PROVIDED MATERIAL =
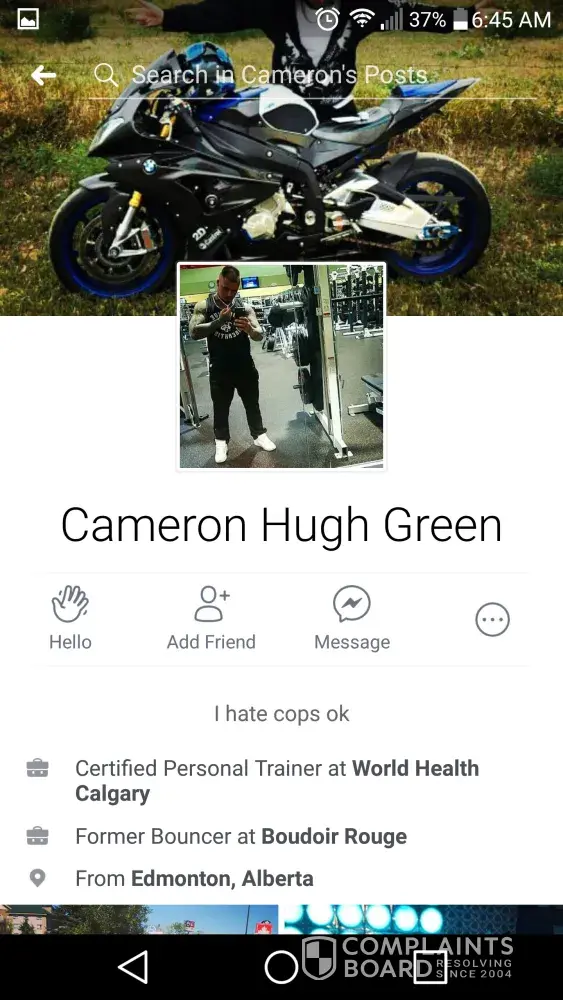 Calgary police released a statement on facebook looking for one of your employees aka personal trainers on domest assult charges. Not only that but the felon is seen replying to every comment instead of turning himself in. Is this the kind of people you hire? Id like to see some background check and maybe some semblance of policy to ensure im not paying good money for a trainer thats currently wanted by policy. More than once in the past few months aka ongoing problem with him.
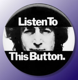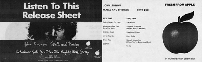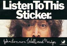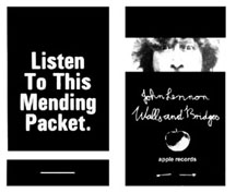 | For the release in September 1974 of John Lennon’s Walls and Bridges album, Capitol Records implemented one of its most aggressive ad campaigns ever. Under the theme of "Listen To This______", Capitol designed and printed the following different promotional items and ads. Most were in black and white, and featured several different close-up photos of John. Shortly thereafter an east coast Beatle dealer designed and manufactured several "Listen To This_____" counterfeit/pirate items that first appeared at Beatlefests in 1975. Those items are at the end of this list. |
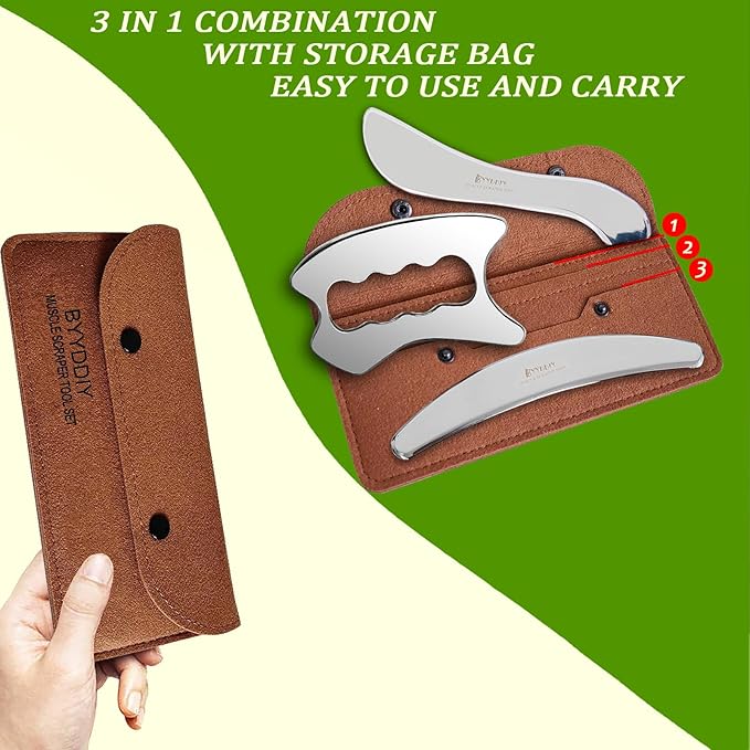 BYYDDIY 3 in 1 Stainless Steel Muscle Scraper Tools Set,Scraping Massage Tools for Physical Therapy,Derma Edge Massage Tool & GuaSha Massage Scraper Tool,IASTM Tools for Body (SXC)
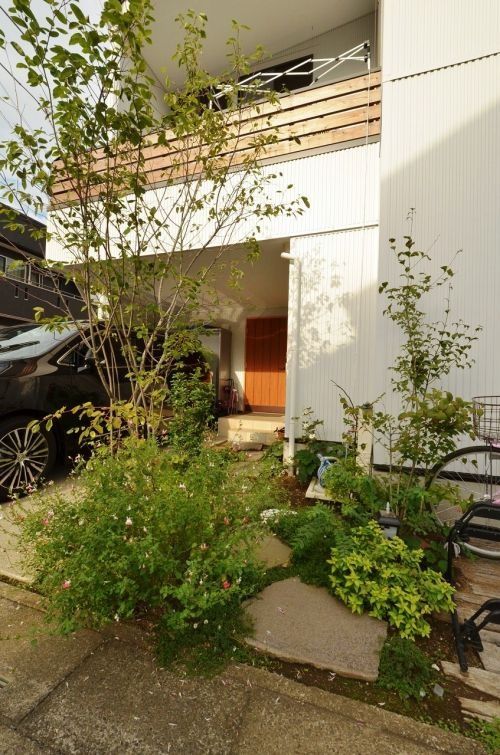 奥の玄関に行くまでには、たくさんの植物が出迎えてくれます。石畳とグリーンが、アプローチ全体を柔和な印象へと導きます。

WHAT IS REQUIRED = From the line holding "BYYDDIY 3 in" to the final line of the data above, give each line again exactly, both ends included, and drop the pictures.

EXERCISE ANSWER =
 BYYDDIY 3 in 1 Stainless Steel Muscle Scraper Tools Set,Scraping Massage Tools for Physical Therapy,Derma Edge Massage Tool & GuaSha Massage Scraper Tool,IASTM Tools for Body (SXC)
 奥の玄関に行くまでには、たくさんの植物が出迎えてくれます。石畳とグリーンが、アプローチ全体を柔和な印象へと導きます。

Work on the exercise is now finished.